- EXERCISE REQUIREMENTS
From the records below, copy each line in which the string "dogs" occurs.

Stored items
▬▬▬

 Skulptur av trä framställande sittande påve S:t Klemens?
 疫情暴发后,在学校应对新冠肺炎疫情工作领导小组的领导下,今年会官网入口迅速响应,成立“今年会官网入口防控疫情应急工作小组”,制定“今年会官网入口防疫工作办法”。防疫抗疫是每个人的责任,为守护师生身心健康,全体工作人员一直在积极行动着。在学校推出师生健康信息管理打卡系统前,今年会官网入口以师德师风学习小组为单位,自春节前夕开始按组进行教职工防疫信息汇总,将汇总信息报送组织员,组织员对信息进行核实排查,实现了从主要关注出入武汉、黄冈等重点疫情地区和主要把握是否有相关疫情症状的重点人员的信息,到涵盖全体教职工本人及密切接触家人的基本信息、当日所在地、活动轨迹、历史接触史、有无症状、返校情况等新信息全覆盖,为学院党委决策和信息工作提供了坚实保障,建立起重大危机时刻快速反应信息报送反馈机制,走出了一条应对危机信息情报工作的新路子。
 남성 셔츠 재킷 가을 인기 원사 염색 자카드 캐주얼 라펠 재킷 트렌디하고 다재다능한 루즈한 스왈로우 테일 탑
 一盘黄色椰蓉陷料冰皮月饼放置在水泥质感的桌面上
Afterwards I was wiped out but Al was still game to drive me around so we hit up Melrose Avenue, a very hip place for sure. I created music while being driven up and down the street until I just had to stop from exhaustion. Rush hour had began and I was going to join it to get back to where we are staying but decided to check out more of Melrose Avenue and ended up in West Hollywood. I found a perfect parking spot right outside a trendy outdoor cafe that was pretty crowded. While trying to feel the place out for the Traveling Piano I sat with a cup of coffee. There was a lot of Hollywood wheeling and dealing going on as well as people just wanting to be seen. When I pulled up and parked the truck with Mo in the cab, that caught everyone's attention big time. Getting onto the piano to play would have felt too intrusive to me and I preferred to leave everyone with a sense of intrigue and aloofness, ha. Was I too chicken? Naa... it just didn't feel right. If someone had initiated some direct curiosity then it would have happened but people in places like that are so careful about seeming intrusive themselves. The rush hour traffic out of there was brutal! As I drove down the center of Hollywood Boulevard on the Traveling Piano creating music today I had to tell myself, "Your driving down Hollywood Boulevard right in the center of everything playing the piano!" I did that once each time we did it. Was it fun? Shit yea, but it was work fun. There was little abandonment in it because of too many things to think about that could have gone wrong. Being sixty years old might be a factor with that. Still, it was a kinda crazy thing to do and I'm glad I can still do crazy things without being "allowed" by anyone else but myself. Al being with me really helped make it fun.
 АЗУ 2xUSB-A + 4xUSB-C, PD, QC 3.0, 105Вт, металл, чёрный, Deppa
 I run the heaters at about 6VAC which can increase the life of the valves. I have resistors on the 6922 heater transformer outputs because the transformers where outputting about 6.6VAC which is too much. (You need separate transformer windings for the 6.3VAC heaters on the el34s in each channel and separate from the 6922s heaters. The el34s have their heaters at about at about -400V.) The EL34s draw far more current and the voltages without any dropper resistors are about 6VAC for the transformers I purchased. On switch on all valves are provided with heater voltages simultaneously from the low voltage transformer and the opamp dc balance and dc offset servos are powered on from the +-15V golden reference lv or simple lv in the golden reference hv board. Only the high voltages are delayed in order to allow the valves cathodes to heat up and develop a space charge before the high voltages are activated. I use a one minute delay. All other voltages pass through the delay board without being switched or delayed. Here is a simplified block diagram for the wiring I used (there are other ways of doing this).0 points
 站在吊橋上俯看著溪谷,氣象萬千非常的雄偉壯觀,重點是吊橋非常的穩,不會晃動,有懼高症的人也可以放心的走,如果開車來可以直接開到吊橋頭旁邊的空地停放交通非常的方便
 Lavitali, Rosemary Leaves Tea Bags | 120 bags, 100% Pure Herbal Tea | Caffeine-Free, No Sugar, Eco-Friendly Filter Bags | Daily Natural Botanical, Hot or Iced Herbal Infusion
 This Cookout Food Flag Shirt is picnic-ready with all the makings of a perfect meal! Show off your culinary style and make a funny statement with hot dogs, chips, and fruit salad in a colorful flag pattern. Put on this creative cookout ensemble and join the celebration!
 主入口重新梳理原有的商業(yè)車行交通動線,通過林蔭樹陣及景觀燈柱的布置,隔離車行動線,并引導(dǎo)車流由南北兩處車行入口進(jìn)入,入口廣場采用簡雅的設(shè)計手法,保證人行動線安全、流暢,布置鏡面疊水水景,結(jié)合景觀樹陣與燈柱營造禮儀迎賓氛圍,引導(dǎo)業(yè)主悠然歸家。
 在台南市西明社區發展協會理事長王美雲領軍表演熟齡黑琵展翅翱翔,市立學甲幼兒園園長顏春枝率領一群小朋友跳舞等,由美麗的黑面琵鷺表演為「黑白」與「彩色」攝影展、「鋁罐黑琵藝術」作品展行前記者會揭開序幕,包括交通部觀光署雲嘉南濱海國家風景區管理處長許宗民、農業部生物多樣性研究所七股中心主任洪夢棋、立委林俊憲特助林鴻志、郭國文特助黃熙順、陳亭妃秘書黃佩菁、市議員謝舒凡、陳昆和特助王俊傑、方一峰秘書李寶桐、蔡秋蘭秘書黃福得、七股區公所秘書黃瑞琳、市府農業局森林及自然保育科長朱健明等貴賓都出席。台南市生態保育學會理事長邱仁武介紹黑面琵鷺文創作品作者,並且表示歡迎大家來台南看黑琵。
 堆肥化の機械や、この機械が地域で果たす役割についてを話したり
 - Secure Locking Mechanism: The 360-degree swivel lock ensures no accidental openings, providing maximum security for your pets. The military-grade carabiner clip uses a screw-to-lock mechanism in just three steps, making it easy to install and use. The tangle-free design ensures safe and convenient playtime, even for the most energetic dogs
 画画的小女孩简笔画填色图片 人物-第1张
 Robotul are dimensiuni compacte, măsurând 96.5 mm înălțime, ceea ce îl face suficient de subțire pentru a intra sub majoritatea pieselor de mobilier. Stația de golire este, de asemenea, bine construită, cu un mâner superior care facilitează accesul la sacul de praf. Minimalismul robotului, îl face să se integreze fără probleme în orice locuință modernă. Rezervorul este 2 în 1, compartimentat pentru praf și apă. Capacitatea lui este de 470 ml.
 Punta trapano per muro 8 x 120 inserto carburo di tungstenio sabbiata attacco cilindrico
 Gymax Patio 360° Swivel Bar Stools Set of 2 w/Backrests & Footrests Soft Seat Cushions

▬▬▬

- ANSWER
 This Cookout Food Flag Shirt is picnic-ready with all the makings of a perfect meal! Show off your culinary style and make a funny statement with hot dogs, chips, and fruit salad in a colorful flag pattern. Put on this creative cookout ensemble and join the celebration!
 - Secure Locking Mechanism: The 360-degree swivel lock ensures no accidental openings, providing maximum security for your pets. The military-grade carabiner clip uses a screw-to-lock mechanism in just three steps, making it easy to install and use. The tangle-free design ensures safe and convenient playtime, even for the most energetic dogs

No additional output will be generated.